6xu3

Publication Abstract from PubMed

Amine transaminases (ATAs) are used to synthesize enantiomerically pure amines, which are building blocks for pharmaceuticals and agrochemicals. (R) -selective ATAs belong to the fold type IV PLP dependent enzymes and different sequence-, structure- and substrate scope-based features have been identified in the past decade. However, our knowledge is still restricted due to the limited number of characterized (R) -ATAs with additional bias towards fungal origin. We aimed to expand the toolbox of (R) -ATAs and contribute to the understanding of this enzyme subfamily. We identified and characterized four new (R) -ATAs. The ATA from Exophiala sideris contains a motif characteristic for D-ATAs, which was previously believed to be a disqualifying factor for (R) -ATA activity. The crystal structure of the ATA from Shinella is the first from a gram-negative bacterium. The ATAs from Pseudonocardia acaciae and Tetrasphaera japonica are the first characterized (R) -ATAs with a shortened/missing N-terminal helix. The active site charges vary significantly between the new and known ATAs correlating with their diverging substrate scope.

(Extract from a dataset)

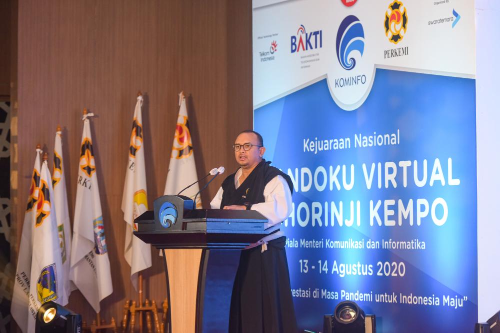 Jakarta (SDPPI) - Kejuaraan Nasional Tandoku Shorinji Kempo Piala Menteri Komunikasi dan Informatika Tahun 2020 memeriahkan rangkaian peringatan HUT ke-75 Kemerdekaan Republik Indonesia. Gelaran cabang olahraga yang pertama di Indonesia secara virtual itu berlangsung selama dua hari dari tanggal 13 s.d. 14 Agustus 2020. Kejuaraan yang diselenggarakan oleh Dojo Shorinji Kempo Kementerian Kominfo itu mengambil tema “Meraih Prestasi di Masa Pandemi untuk Indonesia Maju”.

Expanding the Toolbox of (R)-selective Amine Transaminases by Identification and Characterization of new Members.,Telzerow A, Paris J, Hakansson M, Gonzalez-Sabin J, Rios-Lombardia N, Groger H, Moris F, Schurmann M, Schwab H, Steiner K Chembiochem. 2020 Nov 26. doi: 10.1002/cbic.202000692. PMID:33242357^[1]

From MEDLINE®/PubMed®, a database of the U.S. National Library of Medicine.